7. Enterprises optimistic on reasoning models and poised to scale quickly

By allowing LLMs to complete more complex tasks more accurately, reasoning models have expanded the range of use cases that LLMs can tackle. Enterprises are still early in their testing of reasoning models and few have deployed them in production, but companies are very optimistic about their potential. One executive we interviewed captured this well: “[reasoning models] allow us to solve newer, more complex use cases, so I anticipate a big jump in our usage. But we’re still early and testing today.”

Among early adopters, OpenAI’s reasoning models have seen the greatest traction. Despite significant industry buzz around DeepSeek, enterprises are overwhelmingly adopting OpenAI, with 23% of enterprises surveyed already using OpenAI’s o3 model in production compared to just 3% for DeepSeek. DeepSeek’s adoption was higher among startups relative to its low pickup in the enterprise.

Procurement: enterprise AI buying adopts the rigor of traditional software buying

8. Buying process for models increasingly resembles traditional enterprise software procurement, complete with checklists and price sensitivity

Companies now approach model selection with disciplined evaluation frameworks, and factors such as security—which was heavily emphasized in our interviews—and cost have gained ground on overall accuracy and reliability. This shift underscores the increased trust enterprises have in model performance and the confidence that LLMs will be deployed at scale. As one leader succinctly summarized, “for most tasks, all the models perform well enough now—so pricing has become a much more important factor.”

As we mentioned in the “Models” section, enterprises are also becoming more sophisticated in matching specific use cases with the right model. For highly visible or performance-critical applications, companies typically prefer leading-edge models with strong brand recognition. In contrast, for simpler or internal tasks, model choice often comes down purely to cost. See below for how these LLM KPCs (key purchasing criteria) have changed over time.

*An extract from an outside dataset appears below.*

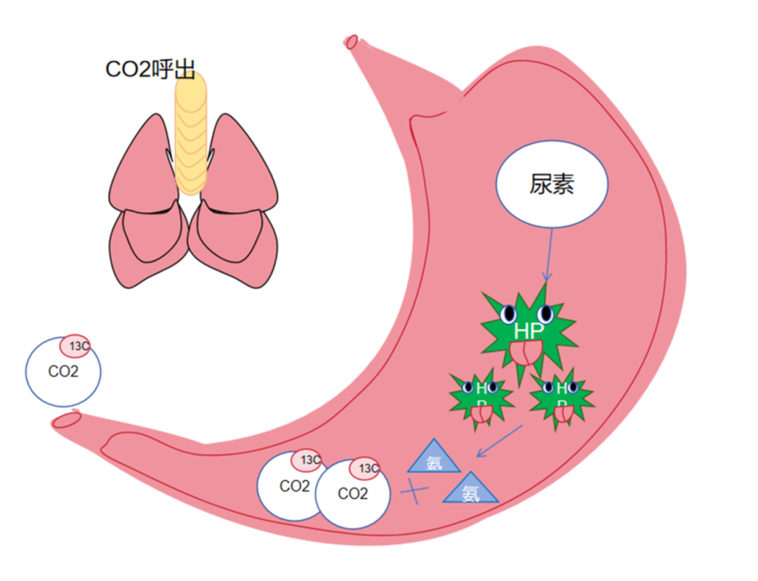 这个试验的原理,就像是给幽门螺杆菌布置了一个“甜蜜陷阱”。如果患者胃里有幽门螺杆菌的话,那么患者口服含有13C标记的尿素后,幽门螺杆菌就会像贪吃的小怪兽一样,把尿素分解成氨和13C标记的二氧化碳。这些二氧化碳会顺着血液循环跑到肺部,然后从嘴巴里溜出来。我们检验科的工作人员,只要抓住这些跑出来的二氧化碳,看看它们身上的13C标记,就能知道胃里有没有幽门螺杆菌在“搞破坏”啦!

9. Hosting preferences still vary widely, though enterprises have quickly built trust for model providers over the last year

While there is still some preference for existing cloud relationships (similar to other infra purchases), more enterprises are hosting either directly with model providers or via Databricks, particularly in cases where the model of choice is not hosted by their main cloud provider (e.g., OpenAI for AWS customers). This is typically because leaders “want direct access to the latest model with the best performance as soon as it’s available. Early access previews are important too.” The increased trust in going direct with model providers including OpenAI and Anthropic is a significant shift from what we heard in last year’s interviews with enterprises: many opted to access models via a cloud provider whenever possible, sometimes even if it wasn’t via their primary cloud provider.

10. Switching costs are rising as AI tackles more complex tasks

Last year, we found that most enterprises were designing their applications to minimize switching costs and make models as interchangeable as possible. As a result, many enterprises treated models as “easy come, easy go.” That might have worked well for simple, one-shot use cases, but the rise of agentic workflows has started making it more difficult to switch between models.

As companies invest the time and resources into building guardrails and prompting for agentic workflows, they’re more hesitant to switch to other models in the event that their results won’t be replicable or that they’ll need to invest significant time into engineering the reliability of a different model. Agentic workflows often require multiple steps to complete a task, so changing one part of a model’s workflow could impact all downstream dependencies. As one leader told us, “all the prompts have been tuned for OpenAI. Each one of them has their own set of instructions and prompts and details. How LLMs get instructions to do agentic processing—it takes lots of pages of instruction. Also, quality assurance of agents is not super easy, so changing models is now a task that can take a lot of engineering time.”

11. Enterprises are increasingly referencing external benchmarks as quasi-“Magic Quadrants” as an initial filter for model selection

As models proliferate, external evaluations offer a practical, Gartner-like filter that enterprises recognize from their traditional software procurement processes.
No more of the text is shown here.